Anyway, thank your for your kind explanation.
Martin ^_^

"Pawel Potasinski" <> wrote in message
news:e7ozG$.gbl...
> If you look into BOL ("Precision, Scale, and Length (Transact-SQL)"
> chapter) then you will find some table containing precision and scale of
> decimal data after arithmetic operations.
>
> And if you multiply two decimals: on of precision p1 and scale s1 and the
> second of precision p2 and scale s2 you gain precision (p3) and scale (s3)
> as shown below.
>
> p3 = p1 + p2 + 1 -> p3 = 28 + 28 + 1 = 57 ???
> s3 = s1 + s2 -> s3 = 10 + 10 = 20
>
> As you may know the maximum precision of decimal is 38. If the calculated
> precision of the result reaches 37 or more then the scale is reduced to
> avoid theoretical truncation of meaningful data. However, the minimum
> scale reached with this process is 6. And that's your situation.
>
> Try a little test:
>
> declare @amount1 decimal(28,10)
> declare @amount2 decimal(28,10)
> set @amount1 = 0.0275
> set @amount2 = 0.0105
> SELECT @amount1, @amount2
> SELECT
> SQL_VARIANT_PROPERTY(CAST(@amount1 * @amount2 AS
> SQL_VARIANT),'precision'), -- will be 38
> SQL_VARIANT_PROPERTY(CAST(@amount1 * @amount2 AS
> SQL_VARIANT),'scale') -- will be 6 (!)
>
> And another one:
>
> declare @amount1 decimal(28,10)
> declare @amount2 decimal(18,10) -- changed precision to 18, so the
> calculated precision of the result is 46
> set @amount1 = 0.0275
> set @amount2 = 0.0105
> SELECT @amount1, @amount2
> SELECT
> SQL_VARIANT_PROPERTY(CAST(@amount1 * @amount2 AS
> SQL_VARIANT),'precision'), -- will be 38 (as this is the maximum precision
> available)
> SQL_VARIANT_PROPERTY(CAST(@amount1 * @amount2 AS
> SQL_VARIANT),'scale') -- will be 11 (because 11 = s1 + s2 - [p1 + p2 - 37]
> = 10 + 10 - [28+18-37])
>
> IMHO, this is not the worst part of numeric operations. Understanding of
> precision and scale after division is the real challenge :-)
>
> --
> Regards
> Pawel Potasinski
> [
>
>
> U¿ytkownik "Atenza" <> napisa?w wiadomo¶ci
> news:.gbl...
>> declare @amount1 decimal(28,10)
>> declare @amount2 decimal(28,10)
>> set @amount1 = 0.0275
>> set @amount2 = 0.0105
>> select @amount1 * @amount2
>>
>> i expect the result = 0.00028875, however, it only return 0.000289 why??
>> the declartion of the decimal data type specify the decimal place up to
>> 10, how come after mulitple, only 6 decimal places return? please help
>> me!
>>
>> Thanks in advance!
>> Martin
>>
>
>

Pawel Potasinski

> SQL_VARIANT_PROPERTY(CAST(@amount1 * @amount2 AS SQL_VARIANT),'scale')
> -- will be 11 (because 11 = s1 + s2 - [p1 + p2 - 37] = 10 + 10 -
> [28+18-37])
>
> How do you know the scale is s1 + s2 - [p1 + p2 - 37]?

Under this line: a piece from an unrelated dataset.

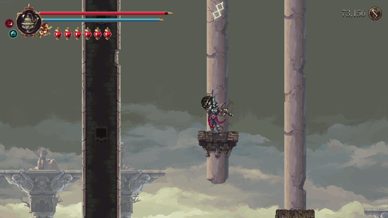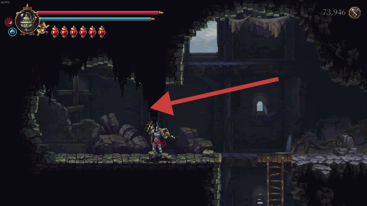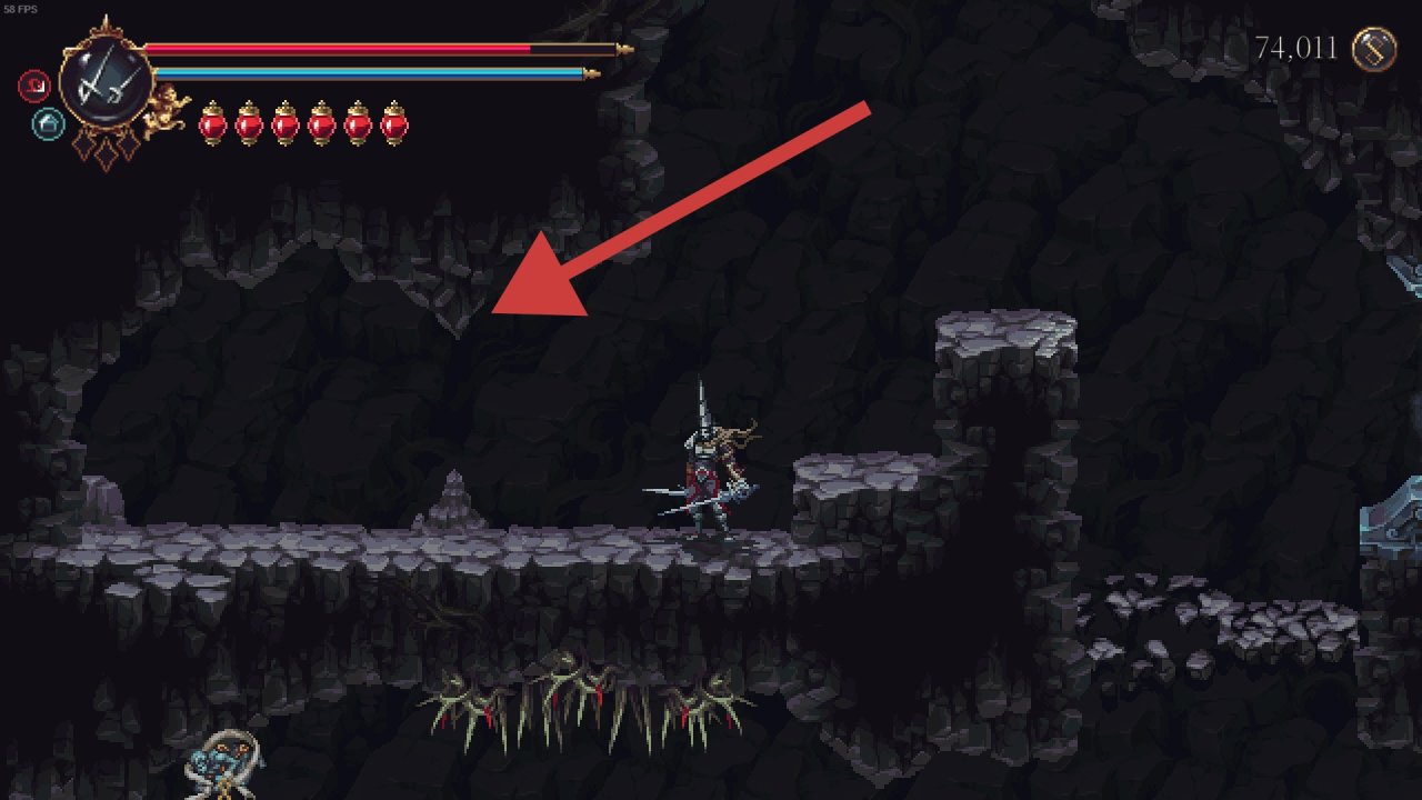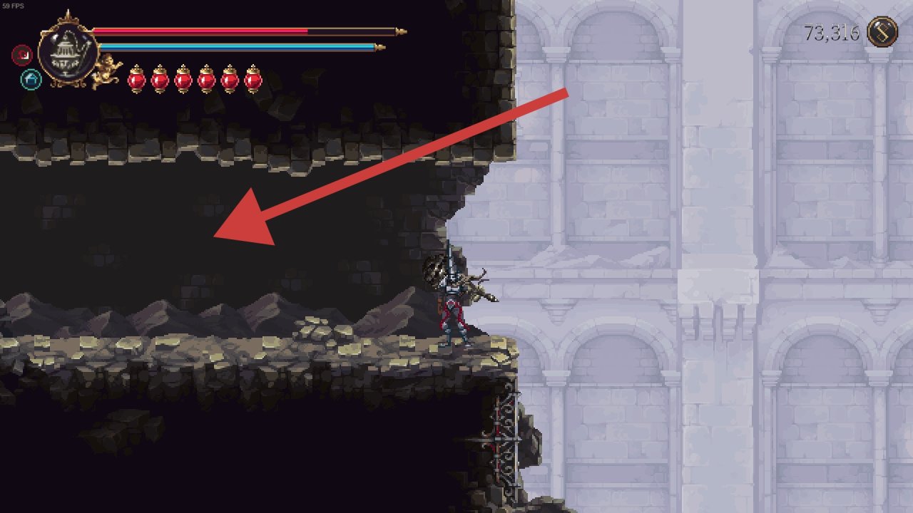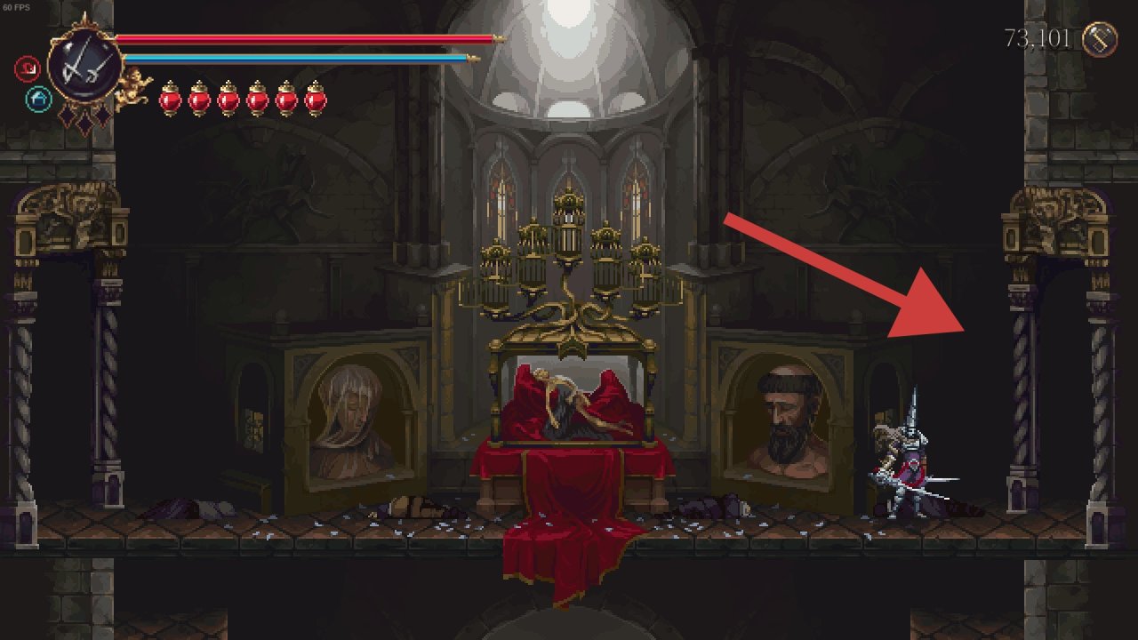 需要解鎖二段跳和雙劍後才能打到鏡子,上去後修女在右邊

By doing a very simple research :-) Just track how result scale is changing
when you increase the precision of input numbers.

> From the BOL ("Precision, Scale, and Length (Transact-SQL)" chapter), only
> s1 + s2 will be the result scale after e1 * e2
> Except the result precision and scale have an absolute maximum of 38. When
> a result precision is greater than 38, the corresponding scale is reduced
> to prevent the integral part of a result from being truncated.

BOL does not always explain everything. And sometimes it contains
mistakes... I always perform some tests when I'm not sure if BOL says the
truth ;-)

>
> this is not the worst part of numeric operations <-- It seems that you
> have encountered worst numeric operation that this, i am quite
> interesting, would you mind to share?

What I mean is the result precision and scale of the division. When you
multiply two decimals precision and scale is fairly easy to calculate (the
problem appears when the maximum precision is reached). But when you divide
the expressions for precision and scale calculation are pretty complex. So
it is a little harder to make the research. Especially only by using T-SQL
;-)

Finally, IMHO, decimal data type is quite good for calculations that do not
need scale greater than 6 (or even smaller...).

Regards,
Pawel

Atenza

Thank you very much!!
It seems that there is no easy way to solve in my situation.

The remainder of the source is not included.